What are the main factors now affecting the dealing desk function?
The rapid changes taking place in the regulatory environment and keeping up to speed with these developments are having the greatest impact. As a global fund manager, the inconsistencies in different jurisdictions means we face the additional task of adhering to local laws without breaching others, for instance Dodd-Frank and the European Market Infrastructure Regulation.
Is your task becoming easier, or are the benefits of more automation and more sophisticated technology outweighed by regulatory pressure, compliance monitoring and performance assessment?
Although advances in automation improve operational efficiency and price transparency, dealing is still bound by strict regulatory, compliance and performance requirements. Automation can address the science of dealing but not the art.
What are the best consequences of new technology?

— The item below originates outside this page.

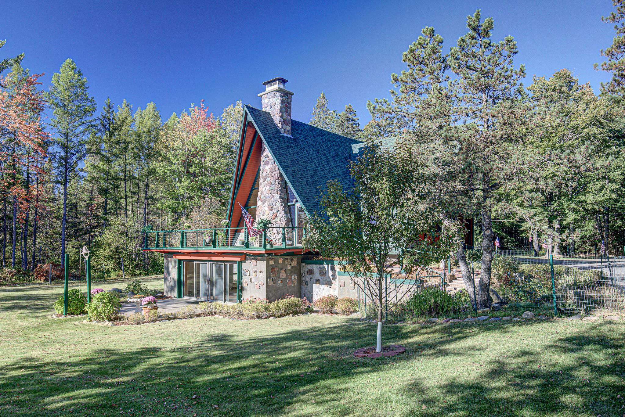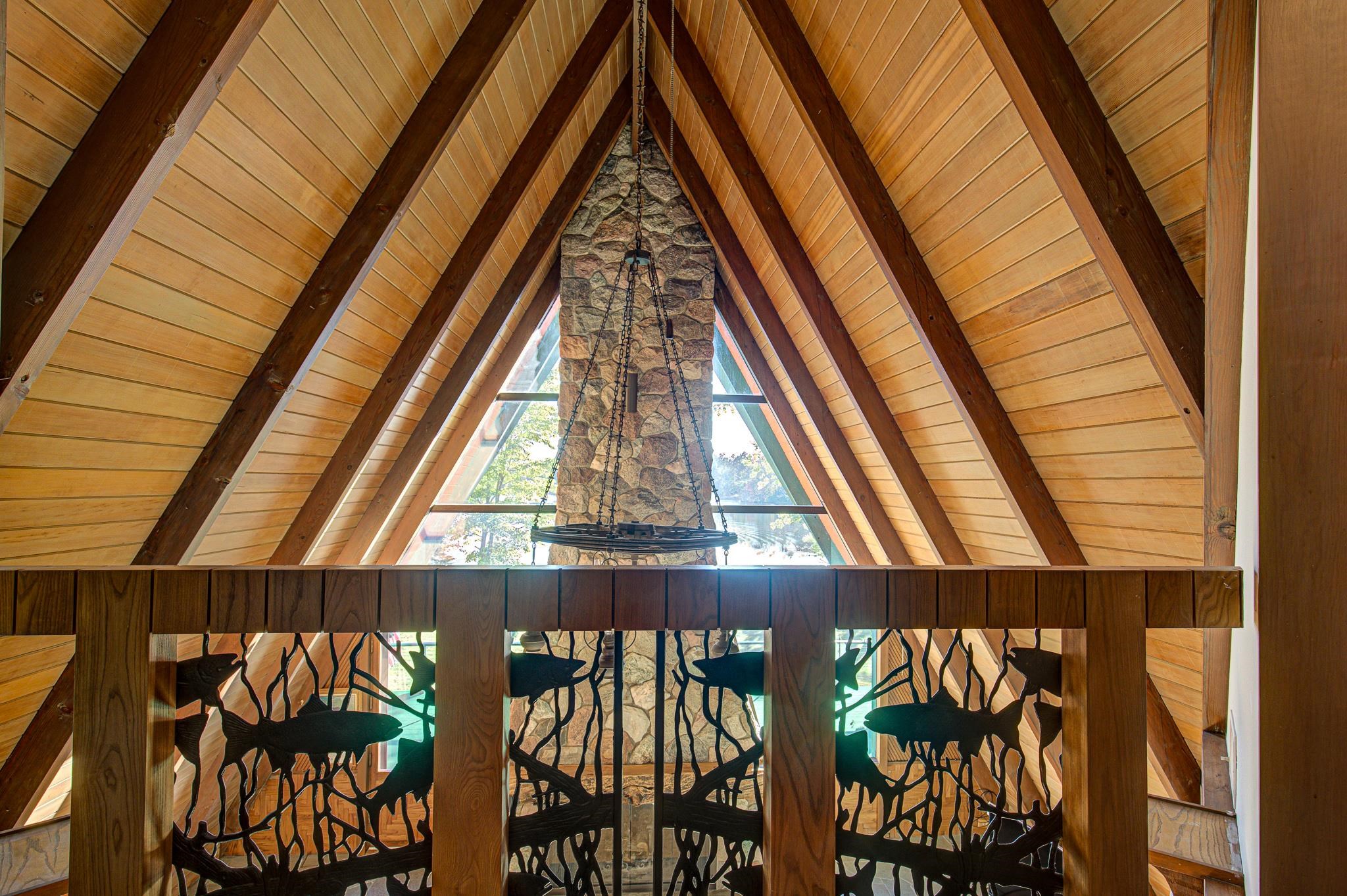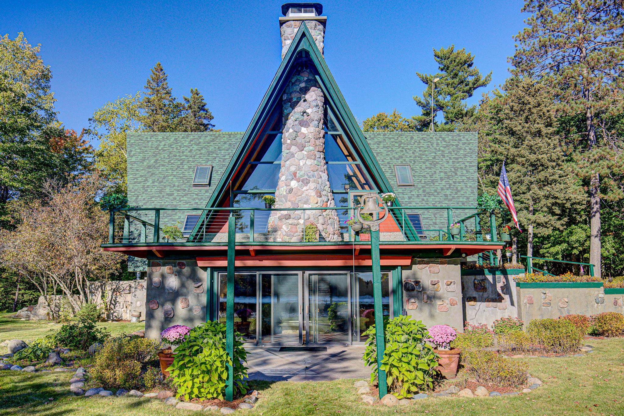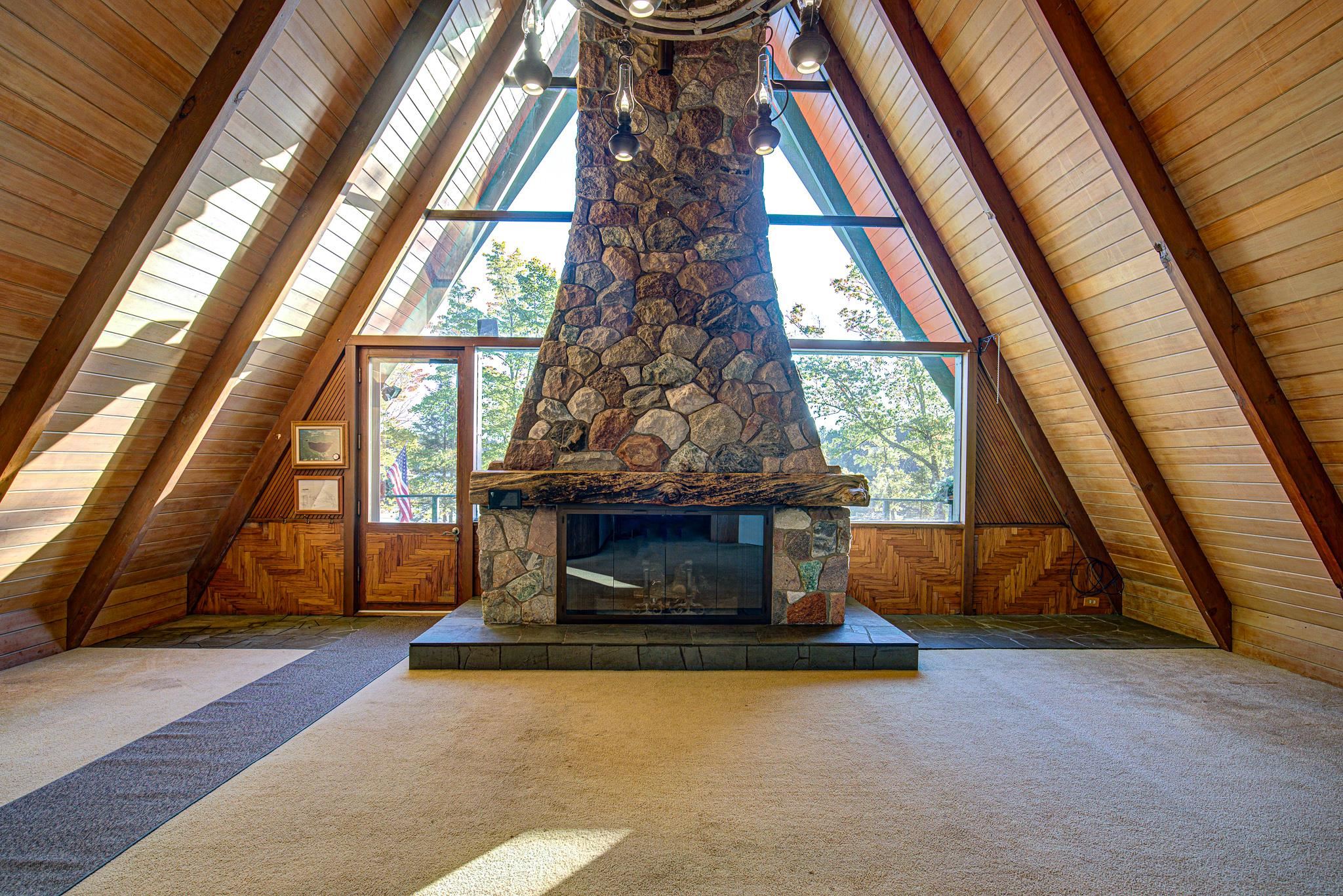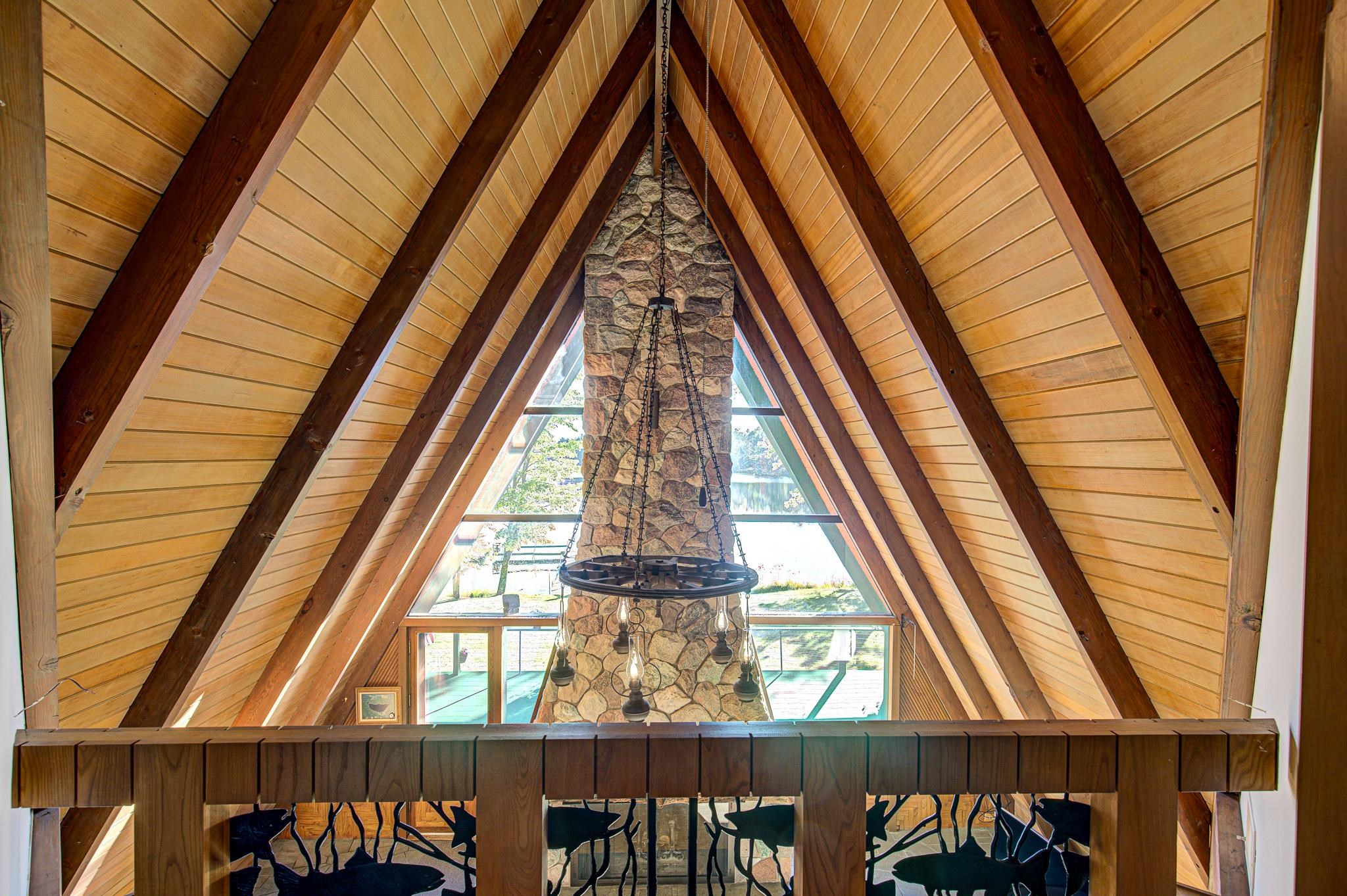 Discover your lakeside paradise with this breathtaking custom-built, double A-frame home on stunning Kildare Lake. This 1-of-a-kind retreat is the perfect blend of luxury and nature. From the eye-catching curved staircases to 2 cozy wood-burning fireplaces, every detail impresses. Relax on the expansive deck with jaw-dropping views or unwind in the private sauna. The main level offers a serene primary suite, a gourmet kitchen, and a half bath. Upstairs, two charming bedrooms and a full bath await. The walkout basement features 2 bedrooms, a hot tub, sauna, and a unique round fireplace, bringing lakeside living to new heights. Just steps from the water, this oasis includes an 8-car garage, private boat landing, and another 5-acre lake lot. Buyer to confirm measurements.

The buy-side now has much better access to liquidity and tighter dealing spreads, particularly in foreign exchange. There is still a long way to go, especially in the credit market which remains a game of axes.
Do market knowledge and personal networks still have an important role for dealers?
They are absolutely relevant and, in fact, essential. An in-depth knowledge and understanding of markets gives the dealer an edge in decision-making for trade execution.
How is the dealing desk’s relationship shifting with your company’s portfolio managers?
While the portfolio managers make the investment call, the dealing team are their eyes and ears on movements within the trading environment. This relationship remains and is even more critical with increasing information flow these days.
How is the dealing desk’s relationship with vendors and service providers changing?
We are demanding more from them as a result of tougher and an increasing volume of regulatory requirements. Also, services and products supplied by vendors are easily replicated and have low-entry barriers – as long as you have enough cash for capital investment.
What can be improved or what would you prefer the market dialogue to focus on?
Public forums within the buy-side are few and far between – and I wish there were more of them.
Is your job becoming more fun or more stressful?
Definitely fun, but with it comes the stress. It keeps the dementia away!